Joan Swift
Joan Swift is the author of
four books of poetry: This Element (Alan Swallow, 1965); Parts of
Speech (Confluence Press, 1978); The Dark Path of Our Names (Dragon
Gate, 1985); and The Tiger Iris (Boa Editions Ltd., 1999).
In addition, in 1997
Chicory Blue Press brought out her chapbook Intricate Moves: Poems About
Rape. She is the recipient of two Washington State Governor’s Awards: in
1986 for The Dark Path of Our Names and in 2000 for The Tiger Iris.
She has been awarded three
National Endowment for the Arts Creative Writing fellowships, as well as a
Washington State Artists grant, an award from the Ingram Merrill Foundation,
and a Pushcart Prize. Her poems also have received the Lucille Medwick Memorial
Award from the Poetry Society of America and the Josephine Miles Memorial Award
from Blue Unicorn. Her work has appeared in more than fifty periodicals
and anthologies.
She holds an M.A. in
English–Creative Writing from University of Washington where she studied in
Theodore Roethke’s last class. She lives with her husband and no cats (he’s
allergic to them) in Edmonds, Washington. They have two grown daughters and two
grandchildren.
Rainy May in the Valley
This is the warp of the loom as it escapes
through the farmhouse window, leaves
the factory behind, slides out the door
of the homely craftswoman who wants to
sell her art at the fair. The threads have
turned silver from traveling so long in the sky
but the shuttle hangs onto its reason
throws a blanket over Whitehorse
woven of heavy meanderings, scraps
caught from the river, strands of the ocean
spun to such thick visibility
the mountain vanishes altogether.
Outside the window, the native species
rise into fabric they love,
cedars and Douglas firs, Pacific dogwood
unfolding white umbrellas inside out.
Each one cups the small drink
it will need later on, after the rain
that wraps all of us now has been sewn
into the web of a spider, glisten of moisture
connecting one branch to another
published in The Yale Review, April 2004;
reprinted on Poetry Daily, May 2004
Geese Flying Over
The geese were flying south over our heads,
calling compass points and wind sheer.
Rain fell hard on all of us, the clouds above
sharing their own way of staying in touch.
I
was running from the parked car
to your house. So were you.
The geese flew in the wild formation they invented:
many wings, like origami, folding to one known place.
I
remember dogs were barking at the geese.
All across the driveway leaves of your ornamental pear
lay in drifts of red, blood red, and wine.
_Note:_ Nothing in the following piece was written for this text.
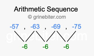 So, what type of sequence is -57, -63, -69, -75? The sequence -57, -63, -69, -75 has a common difference of -6 between each term. We call this kind of sequence an arithmetic sequence. Below is an image illustrating the correlation between the arithmetic sequence -57, -63, -69, -75 and its common difference of -6.

You had recently lost your husband to a heart attack.
Then suddenly the geese were gone.
The sky dropped low above us.
Time for lamplight on your husband’s
collection of wooden lures for fishing
through ice. They swam across the table,
the shine of their paint that spoke to other fish.
We sipped Ethiopian coffee.
I
imagined the geese falling asleep among tules
and that weathered artifact outside your door
he bought you at a county fair, black
paint chipped and claws still hanging on,
saying to the mist, “Two old crows live here.”